**EXERCISE DETAILS**
Output only the lines of the entries that follow, starting at the one with "World War II" and running down to the one with "Видно, что бумага", both included and unchanged.

**DATA**
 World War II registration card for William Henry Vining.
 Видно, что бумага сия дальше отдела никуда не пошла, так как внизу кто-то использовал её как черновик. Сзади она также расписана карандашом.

...

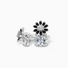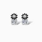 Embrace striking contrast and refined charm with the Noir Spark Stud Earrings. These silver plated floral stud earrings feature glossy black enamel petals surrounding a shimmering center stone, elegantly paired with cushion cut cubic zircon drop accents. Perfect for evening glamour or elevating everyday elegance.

**EXERCISE RESULT**
 World War II registration card for William Henry Vining.
 Видно, что бумага сия дальше отдела никуда не пошла, так как внизу кто-то использовал её как черновик. Сзади она также расписана карандашом.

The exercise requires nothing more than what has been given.